Action item —
State how many lines of the entries hold the string "pour", and output nothing but that count.

————————

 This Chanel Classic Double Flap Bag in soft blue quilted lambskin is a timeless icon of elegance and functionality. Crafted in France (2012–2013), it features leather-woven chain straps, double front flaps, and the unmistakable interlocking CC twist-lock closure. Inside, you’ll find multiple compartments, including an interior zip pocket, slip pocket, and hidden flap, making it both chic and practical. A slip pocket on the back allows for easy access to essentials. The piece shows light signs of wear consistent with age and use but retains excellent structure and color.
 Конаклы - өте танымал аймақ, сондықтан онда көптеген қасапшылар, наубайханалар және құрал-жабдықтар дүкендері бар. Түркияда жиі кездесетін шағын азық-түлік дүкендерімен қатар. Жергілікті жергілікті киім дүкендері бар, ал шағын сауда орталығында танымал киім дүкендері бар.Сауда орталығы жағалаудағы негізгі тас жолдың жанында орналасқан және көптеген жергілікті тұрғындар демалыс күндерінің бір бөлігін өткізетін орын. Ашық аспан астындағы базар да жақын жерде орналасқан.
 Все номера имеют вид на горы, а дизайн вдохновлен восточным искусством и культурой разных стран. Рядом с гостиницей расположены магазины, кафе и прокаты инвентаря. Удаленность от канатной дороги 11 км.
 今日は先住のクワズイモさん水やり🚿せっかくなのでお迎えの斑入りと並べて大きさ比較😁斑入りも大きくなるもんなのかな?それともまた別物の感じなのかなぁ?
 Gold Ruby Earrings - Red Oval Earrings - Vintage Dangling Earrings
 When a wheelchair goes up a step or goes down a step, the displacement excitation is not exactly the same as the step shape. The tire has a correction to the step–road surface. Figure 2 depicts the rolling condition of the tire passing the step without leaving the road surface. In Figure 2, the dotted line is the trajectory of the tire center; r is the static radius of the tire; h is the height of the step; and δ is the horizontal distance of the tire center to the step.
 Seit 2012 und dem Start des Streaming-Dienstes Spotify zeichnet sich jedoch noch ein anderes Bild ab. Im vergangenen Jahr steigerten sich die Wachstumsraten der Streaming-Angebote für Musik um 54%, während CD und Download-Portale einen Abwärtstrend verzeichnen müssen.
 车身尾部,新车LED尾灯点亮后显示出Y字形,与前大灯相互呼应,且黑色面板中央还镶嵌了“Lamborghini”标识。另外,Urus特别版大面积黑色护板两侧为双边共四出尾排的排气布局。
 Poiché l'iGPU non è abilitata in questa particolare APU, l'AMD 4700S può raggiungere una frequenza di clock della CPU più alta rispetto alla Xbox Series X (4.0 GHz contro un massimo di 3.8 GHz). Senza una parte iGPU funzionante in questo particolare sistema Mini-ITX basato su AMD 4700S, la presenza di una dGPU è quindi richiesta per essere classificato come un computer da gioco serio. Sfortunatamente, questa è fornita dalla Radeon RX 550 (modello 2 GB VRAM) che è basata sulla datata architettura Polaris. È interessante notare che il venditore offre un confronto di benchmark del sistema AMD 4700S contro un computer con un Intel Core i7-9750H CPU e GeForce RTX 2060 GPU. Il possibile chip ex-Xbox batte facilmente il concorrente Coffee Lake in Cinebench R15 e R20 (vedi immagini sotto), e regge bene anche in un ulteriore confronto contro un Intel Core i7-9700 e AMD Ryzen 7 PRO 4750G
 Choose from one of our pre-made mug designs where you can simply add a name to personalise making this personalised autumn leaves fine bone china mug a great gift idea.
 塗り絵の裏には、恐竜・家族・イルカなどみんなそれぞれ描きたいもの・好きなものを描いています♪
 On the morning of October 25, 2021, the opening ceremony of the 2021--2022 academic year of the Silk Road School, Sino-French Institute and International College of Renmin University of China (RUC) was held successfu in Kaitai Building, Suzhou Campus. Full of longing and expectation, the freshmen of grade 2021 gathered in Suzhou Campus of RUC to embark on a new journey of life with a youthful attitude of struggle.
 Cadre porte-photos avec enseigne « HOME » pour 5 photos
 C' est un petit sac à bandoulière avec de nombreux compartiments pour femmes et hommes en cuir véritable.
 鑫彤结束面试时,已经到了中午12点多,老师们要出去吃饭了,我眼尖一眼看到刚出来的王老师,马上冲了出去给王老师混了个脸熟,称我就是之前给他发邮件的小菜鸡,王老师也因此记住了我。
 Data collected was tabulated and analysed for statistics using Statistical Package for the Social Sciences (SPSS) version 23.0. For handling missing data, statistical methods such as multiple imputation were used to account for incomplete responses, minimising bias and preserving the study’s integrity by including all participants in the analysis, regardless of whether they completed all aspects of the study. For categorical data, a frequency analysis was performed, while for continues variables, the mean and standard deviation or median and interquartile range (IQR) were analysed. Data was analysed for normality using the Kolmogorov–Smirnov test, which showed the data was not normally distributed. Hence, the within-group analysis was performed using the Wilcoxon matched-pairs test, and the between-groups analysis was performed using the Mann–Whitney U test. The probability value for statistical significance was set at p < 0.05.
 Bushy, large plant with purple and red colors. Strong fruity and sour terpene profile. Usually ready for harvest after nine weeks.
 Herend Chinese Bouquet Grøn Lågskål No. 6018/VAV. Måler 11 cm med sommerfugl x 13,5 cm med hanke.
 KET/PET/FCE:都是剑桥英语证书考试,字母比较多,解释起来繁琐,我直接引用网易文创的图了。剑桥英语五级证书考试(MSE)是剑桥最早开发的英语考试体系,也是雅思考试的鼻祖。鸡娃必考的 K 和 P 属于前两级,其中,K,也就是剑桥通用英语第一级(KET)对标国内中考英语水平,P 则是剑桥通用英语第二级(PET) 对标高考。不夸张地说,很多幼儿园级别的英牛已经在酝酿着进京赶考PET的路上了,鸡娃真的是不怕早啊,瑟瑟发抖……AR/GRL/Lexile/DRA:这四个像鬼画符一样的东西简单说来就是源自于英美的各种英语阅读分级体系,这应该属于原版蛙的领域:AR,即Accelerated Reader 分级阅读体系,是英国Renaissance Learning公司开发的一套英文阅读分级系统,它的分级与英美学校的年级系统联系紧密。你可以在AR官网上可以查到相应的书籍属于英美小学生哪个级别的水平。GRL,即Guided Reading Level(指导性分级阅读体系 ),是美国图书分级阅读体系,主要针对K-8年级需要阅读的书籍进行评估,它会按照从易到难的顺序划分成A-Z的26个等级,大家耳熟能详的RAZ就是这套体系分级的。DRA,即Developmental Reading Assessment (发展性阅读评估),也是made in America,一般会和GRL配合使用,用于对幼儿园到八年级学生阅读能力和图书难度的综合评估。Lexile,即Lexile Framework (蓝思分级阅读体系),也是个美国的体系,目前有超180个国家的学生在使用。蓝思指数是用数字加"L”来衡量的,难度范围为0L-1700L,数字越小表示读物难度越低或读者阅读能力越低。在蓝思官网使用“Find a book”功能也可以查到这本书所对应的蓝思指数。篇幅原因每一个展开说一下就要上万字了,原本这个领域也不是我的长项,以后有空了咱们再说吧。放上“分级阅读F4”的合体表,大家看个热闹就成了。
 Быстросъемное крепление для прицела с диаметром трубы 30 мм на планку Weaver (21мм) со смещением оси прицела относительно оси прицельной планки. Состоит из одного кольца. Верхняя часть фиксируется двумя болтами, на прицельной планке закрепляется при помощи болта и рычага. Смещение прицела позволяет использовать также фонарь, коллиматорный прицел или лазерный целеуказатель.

————————

Solved exercise —
2